■ **Directions for this task**
When you reach the line that holds "오늘은 대구광역시 북구", start copying exactly and keep going through the final line of the data, leaving out pictures.
#### Data provided ####
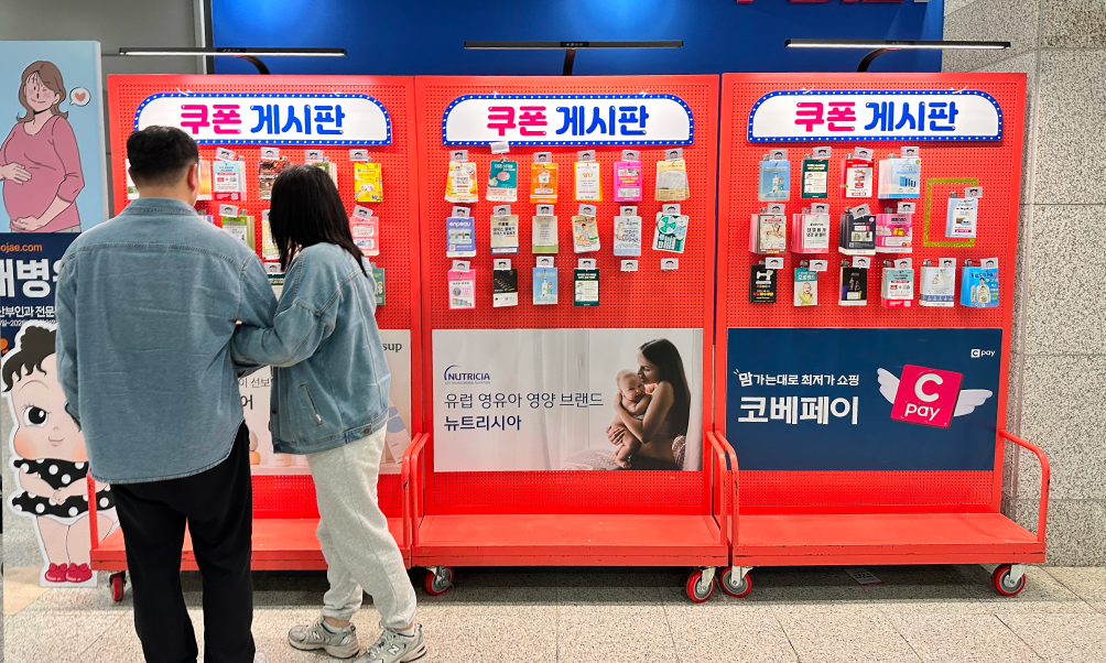 전시장 입구 쿠폰게시판 하단
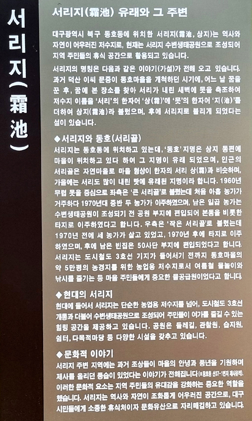 오늘은 대구광역시 북구 동호동에 있는 서리지를 간다. 이름도 들어보지 않은 생태공원 둘레길이다. 서리지는
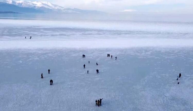 Kimisi bisiklet sürdü, kimisi köpeğini gezdirdi, kimisi de masa ve sandalyesini atarak çay kahve içti. Buz tutmuş göl üzerindeki vatandaşlar, yetkililerin olası tehlikeye karşı yaptığı anons ve uyarılara aldırmadı.
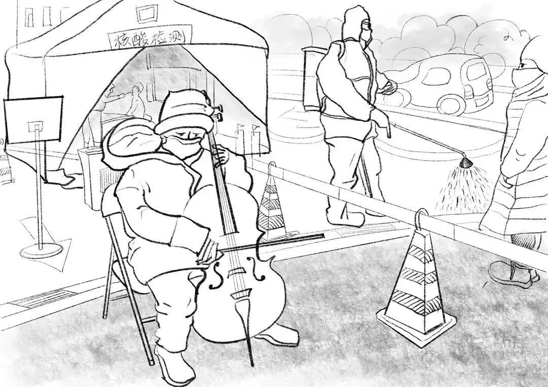 产品设计专业苏科予将看到的小朋友在核酸检测现场为工作人员演奏大提琴的视频融入画作,一首《我和我的祖国》表达了对医护人员的敬意,也体现了对祖国和家乡的热爱,作者将这个画面记录下来,希望疫情早日结束,并向所有奋斗在抗疫一线的工作者说一声:“您辛苦了!希望天津早日战胜疫情,迎接春天的到来。
####
■ **Answer space**
 오늘은 대구광역시 북구 동호동에 있는 서리지를 간다. 이름도 들어보지 않은 생태공원 둘레길이다. 서리지는
 Kimisi bisiklet sürdü, kimisi köpeğini gezdirdi, kimisi de masa ve sandalyesini atarak çay kahve içti. Buz tutmuş göl üzerindeki vatandaşlar, yetkililerin olası tehlikeye karşı yaptığı anons ve uyarılara aldırmadı.
 产品设计专业苏科予将看到的小朋友在核酸检测现场为工作人员演奏大提琴的视频融入画作,一首《我和我的祖国》表达了对医护人员的敬意,也体现了对祖国和家乡的热爱,作者将这个画面记录下来,希望疫情早日结束,并向所有奋斗在抗疫一线的工作者说一声:“您辛苦了!希望天津早日战胜疫情,迎接春天的到来。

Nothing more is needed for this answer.